Power utility PPC’s decision to further extend its negotiating period with industrial producers for new high-voltage tariff agreements is futile, EVIKEN, the Association of Industrial Energy Consumers has suggested in a statement, indicating the utility has no interest to compromise.
EVIKEN contended PPC’s reluctant tactics are stalling its negotiations with high-voltage customers.
PPC officially informed industrial customers of its decision to extend the negotiating period for new high-voltage tariff agreements until June 15, but, even so, as of today, has unilaterally revised existing terms, greatly reducing punctuality and advance-payment discounts offered to this consumer category.
These revisions promise to increase energy supply costs for PPC’s industrial customers by levels of between 4 to 12 percent, depending on respective profiles, according to estimates.
A preceding PPC extension for its negotiations with high-voltage customers, offering an additional two months, expired on February 28.
The power utility’s demands include increases that would result in energy-cost hikes of up to 40 percent, the cancellation of nighttime tariffs for steel industries, imposition of a clause linked with balancing market cost, as well as restrictions effectively obstructing industrial loads from market participation, the industrial energy consumers association noted in its announcement.

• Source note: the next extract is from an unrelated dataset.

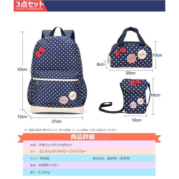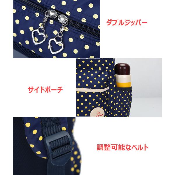 子供リュックサック 小学生バック 低学年 高学年 水玉柄 ドット柄 かわいい女の子バック 遠足 旅行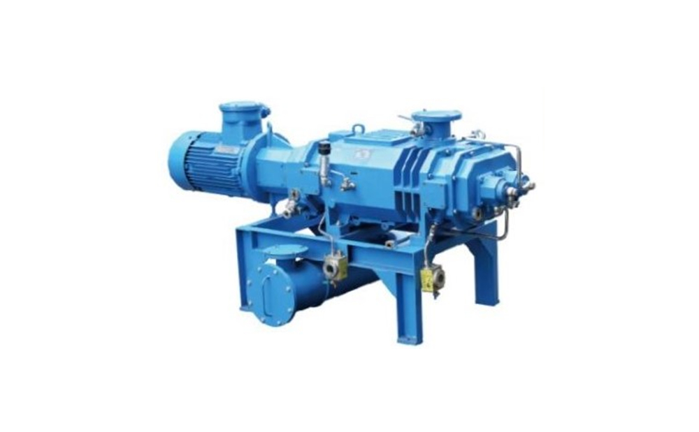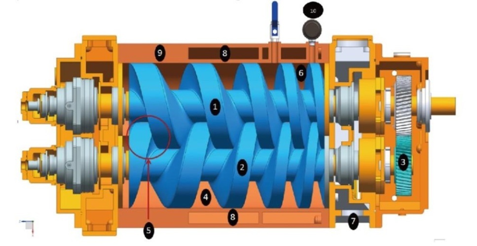 干式螺桿真空泵的工作過(guò)程可分為吸氣、壓縮和排氣三個(gè)過(guò)程。如圖所示,干式螺桿真空泵內(nèi)裝有一對(duì)平行的螺旋狀的轉(zhuǎn)子(1和2),其中一件轉(zhuǎn)子的旋轉(zhuǎn)方向?yàn)橛倚硪患樽笮蓚€(gè)轉(zhuǎn)子在泵體(9)內(nèi)通過(guò)一對(duì)齒輪(3)保持同步反向旋轉(zhuǎn)。轉(zhuǎn)子與轉(zhuǎn)子之間、轉(zhuǎn)子與泵體之間沒(méi)有磨擦且保持一定的間隙,兩個(gè)轉(zhuǎn)子與泵體之間形成了密封腔(4),密封腔的個(gè)數(shù)等于轉(zhuǎn)子的螺旋圈數(shù)。兩個(gè)轉(zhuǎn)子在按圖中方向旋轉(zhuǎn)時(shí),與吸氣口(5)相連的密封腔的空間逐漸變大,氣體被吸入并被傳送到排氣側(cè),排氣側(cè)的密封腔(6)空間在旋轉(zhuǎn)過(guò)程中逐漸變小,氣體被壓縮到排氣口(7)。長(zhǎng)時(shí)間運(yùn)轉(zhuǎn)時(shí)需向泵體及端蓋的夾套(8)內(nèi)通入適量的冷卻水以對(duì)泵進(jìn)行冷卻。因壓縮熱主要在排氣側(cè)(6)產(chǎn)生,為了充分冷卻轉(zhuǎn)子,在多數(shù)工況下可以將適量的空氣或其它合適的氣體通過(guò)摻氣口(10)導(dǎo)入泵腔內(nèi)。

Despite the impasse prompted by its demands, PPC is now offering its industrial customers a new ultimatum in an effort to force them to accept unfavorable terms for new supply contracts, EVIKEN stated.
The key question is whether PPC ultimately wants constructive dialogue with industry to avoid a negotiation deadlock, which would be detrimental to all parties involved, EVIKEN noted.
The sector’s prolonged uncertainty over energy costs is hampering plans for production increases and new investments, greatly impacting the competitiveness of the country’s major producers, the association stressed.